The Escala Initiative now operates the programs of the Sustainable Preservation Initiative. It is focused on helping women entrepreneurs in developing countries build a better future for themselves, their families, and their communities. Through its 10-month formalized Business School and Capacity Building Program, ESCALA empowers women entrepreneurs to hurdle economic and social barriers as business owners. The comprehensive and proven curriculum teaches critical entrepreneurial and business skills through workshops and mentoring sessions that prepare students for success. All of the students have either started their own small business or plan to do so while enrolled in the program. They are engaged in a variety of industries such as textiles, food, and tourism. ESCALA presently works in Peru, Mexico, Tanzania, and Guatemala.
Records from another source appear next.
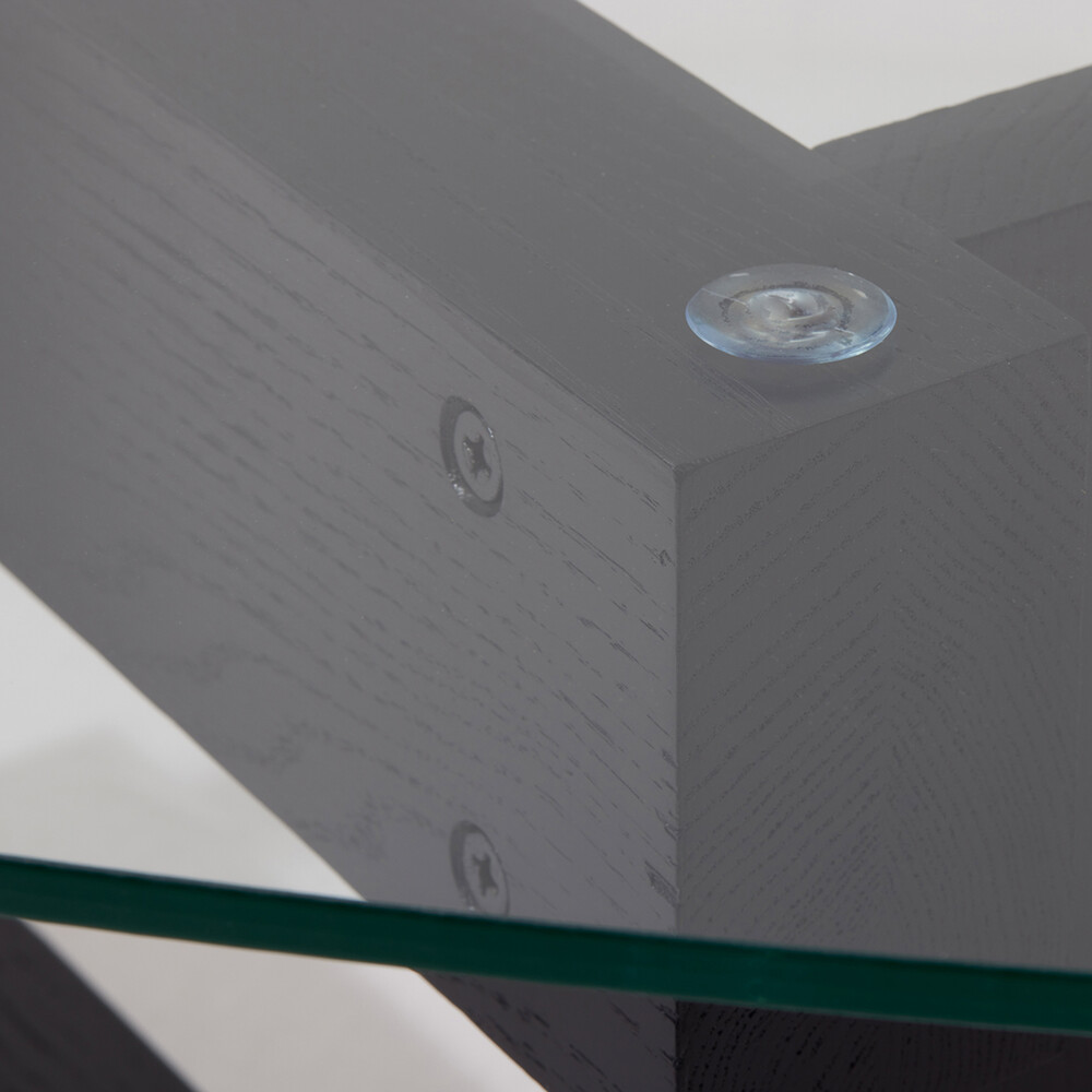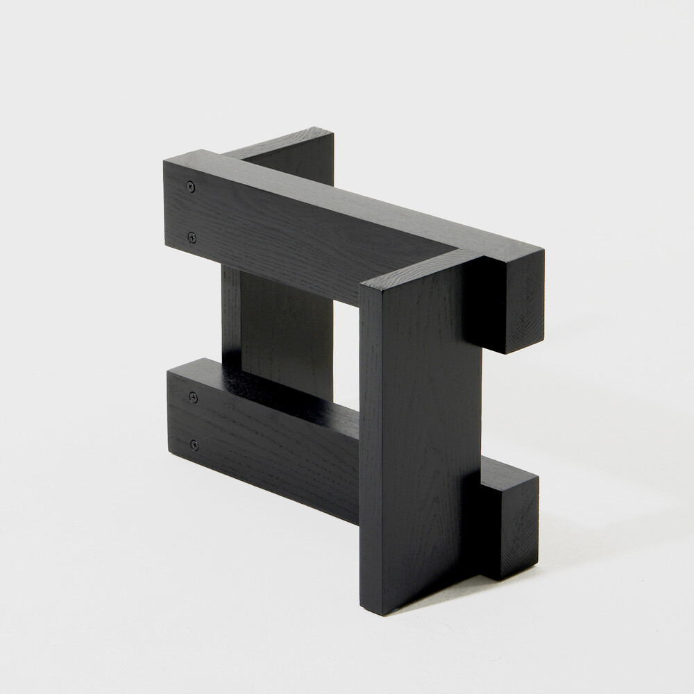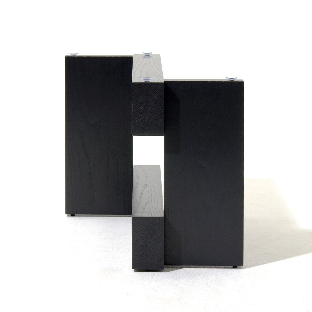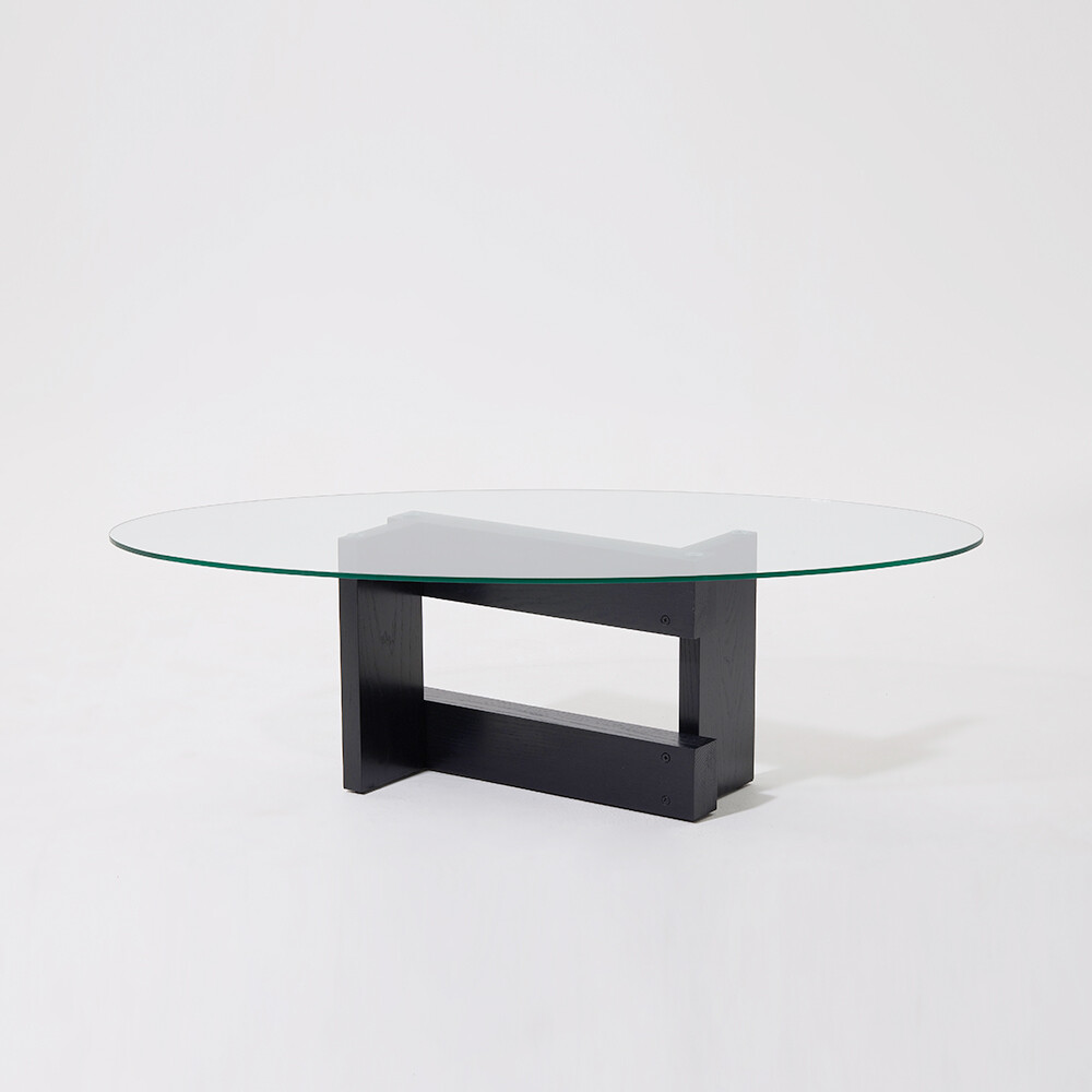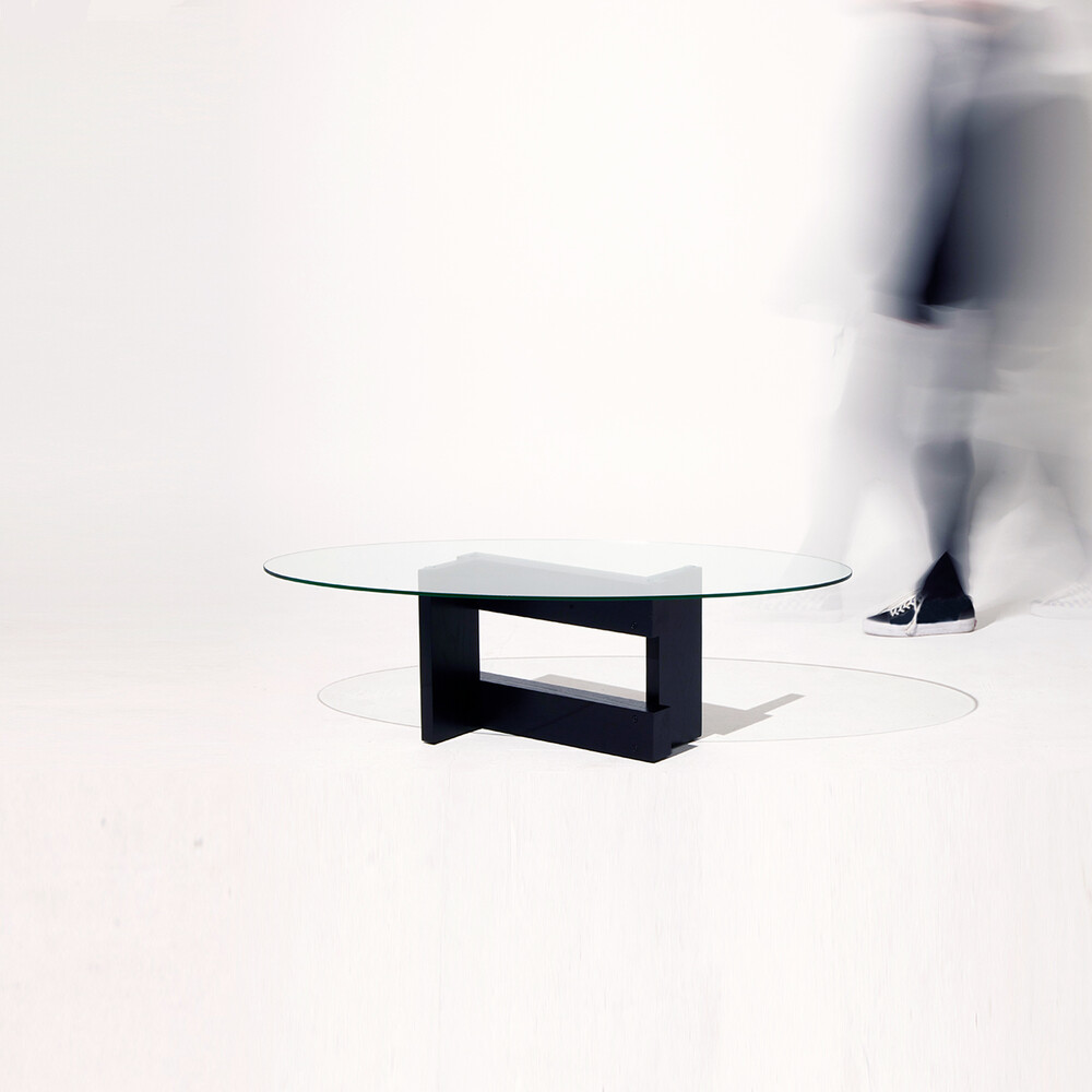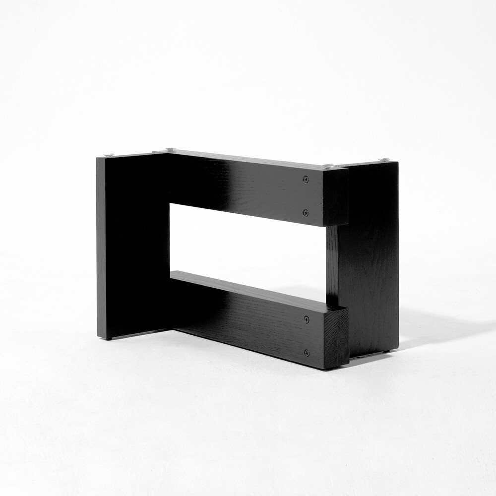 권이안의 ‘무게’시리즈 연작 중 커피 테이블입니다. 보는 시야에 따라 색다르게 보이는 프레임이 특징입니다. 검정색으로 마감 된 나무가 묵직하게 하부를 구성하고 있고 길이 1200mm의 상판은 투명 유리로 구성해 넓은 상판을 사용하면서도 시각의 개방감을 전해줍니다.
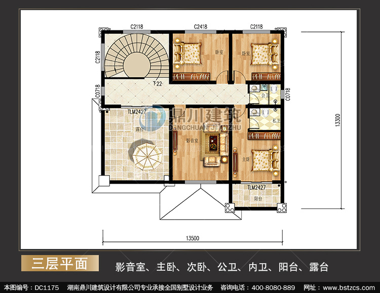 歐式三層帶露臺別墅施工圖紙及效果圖_鄉村自建別墅設計,鼎川建
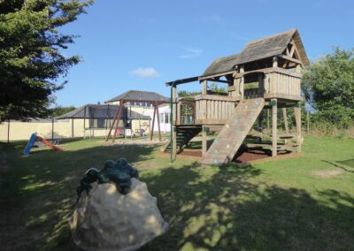 The Play Park is fully enclosed and has two large trampolines with safety nets, climbing frame, swings and other play equipment.
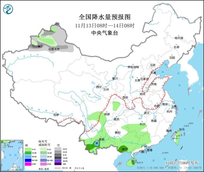 11月13日08時至14日08時,新疆北部等地部分地區有小到中雪或雨夾雪,局地大到暴雪(10~12毫米)。湖南南部、四川盆地、貴州南部和東(dong) 部、雲(yun) 南大部、廣西、廣東(dong) 北部、海南島、台灣島等地部分地區有小到中雨,其中,雲(yun) 南中部局地有大雨(25~45毫米)。東(dong) 海南部、台灣海峽、台灣以東(dong) 洋麵、巴士海峽、南海北部和中部、北部灣、瓊州海峽將有7~8級、陣風9級的大風。
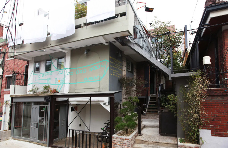 Отель Hongdae Guesthouse Pajamaparty 2 звезды, адрес на карте Сеул, 157-6 Seongmisan-Ro Mapo-Gu, COREA DEL SUR, с описанием номеров и возможностью онлайн бронирования на сайте vashotel.ru , стоимость проживания и удобства.

SPI had focused its program around archaeological sites, but Escala has now expanded them to women and other marginalized entrepreneurs more broadly. According to Felix Salmon of Reuters, the program was about taking archaeological sites "in poor countries and making them generate cash for the locals — thereby giving them a real monetary incentive (rather than a high-minded lecture) aimed at preserving archeological treasures." In an article on job creation, Salmon cites the initiative as a model for maximum job creation through small investments: "In general, if you want to create the maximum number of jobs for the smallest amount of money, the best way of doing so is to provide catalytic capital which helps to give a small business the step-up it needs to sustain new jobs on a permanent basis". In a recent report, the Milken Institute called for the adoption of this model by the state of Israel in order to better protect that country's cultural heritage. Handeye Magazine, an international publication dedicated to culture and commerce, cites the organization as one that "continues to put 'people, not stones' at the forefront, placing equal or greater focus on economic and social investment as opposed to purely preservation." BigThink.com, a website that seeks to identify the "best thinking on the planet — the ideas that can help you think flexibly and act decisively in a multivariate world," featured SPI's paradigm for preservation and its success.